━━━━━ Source data ━━━━━

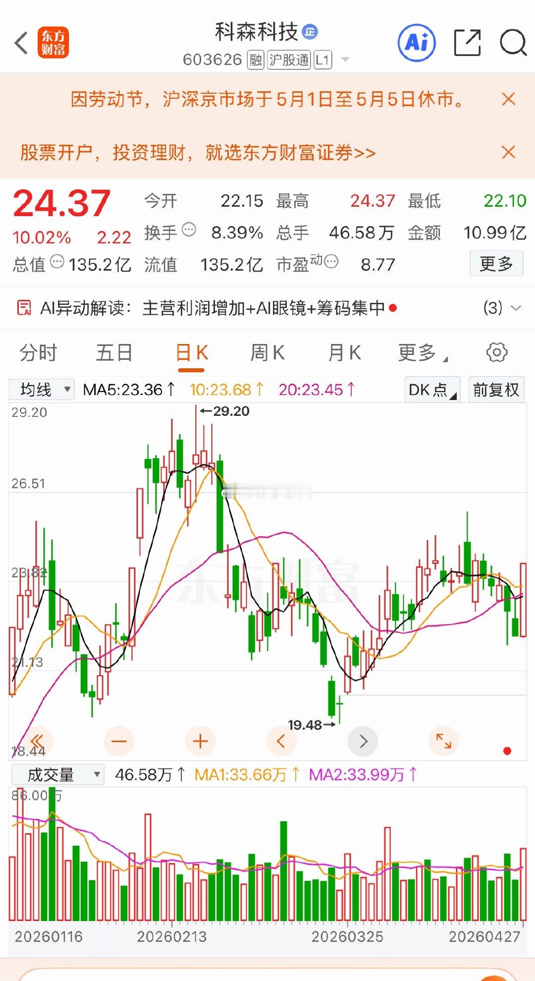 4月26日。星期天。沪深热门股票。泰嘉股份。近期有量。震荡向上。蓝色光标。
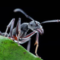 particular ant is captured in a pose that suggests it might be crawling or exploring its environment.
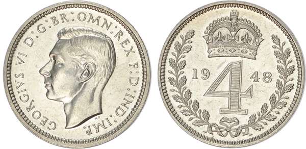 George VI (1936-1952) Maundy Set, 1948, Fourpence, Threepence, Twopence, Penny.
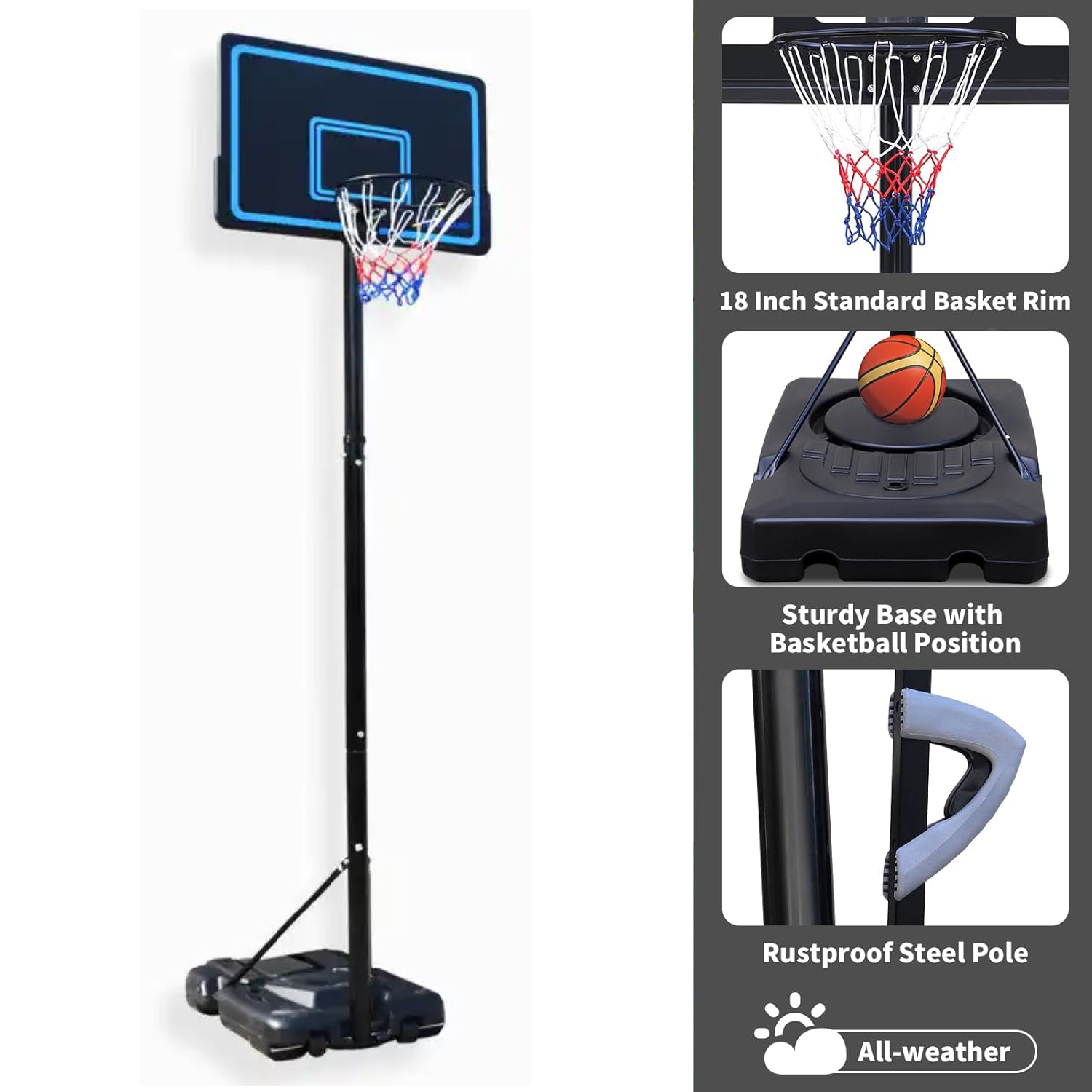 This adjustable basketball hoop features a height range from 7.5ft to 10ft, a durable 44” polycarbonate backboard, and a stable wheeled base for easy movement. With an all-weather net and steel rim, it’s perfect for family fun, fitness, and outdoor play.

━━━━━

Required action: Return the material in full, word for word, and skip the pictures.

Exercise output:
 4月26日。星期天。沪深热门股票。泰嘉股份。近期有量。震荡向上。蓝色光标。
 particular ant is captured in a pose that suggests it might be crawling or exploring its environment.
 George VI (1936-1952) Maundy Set, 1948, Fourpence, Threepence, Twopence, Penny.
 This adjustable basketball hoop features a height range from 7.5ft to 10ft, a durable 44” polycarbonate backboard, and a stable wheeled base for easy movement. With an all-weather net and steel rim, it’s perfect for family fun, fitness, and outdoor play.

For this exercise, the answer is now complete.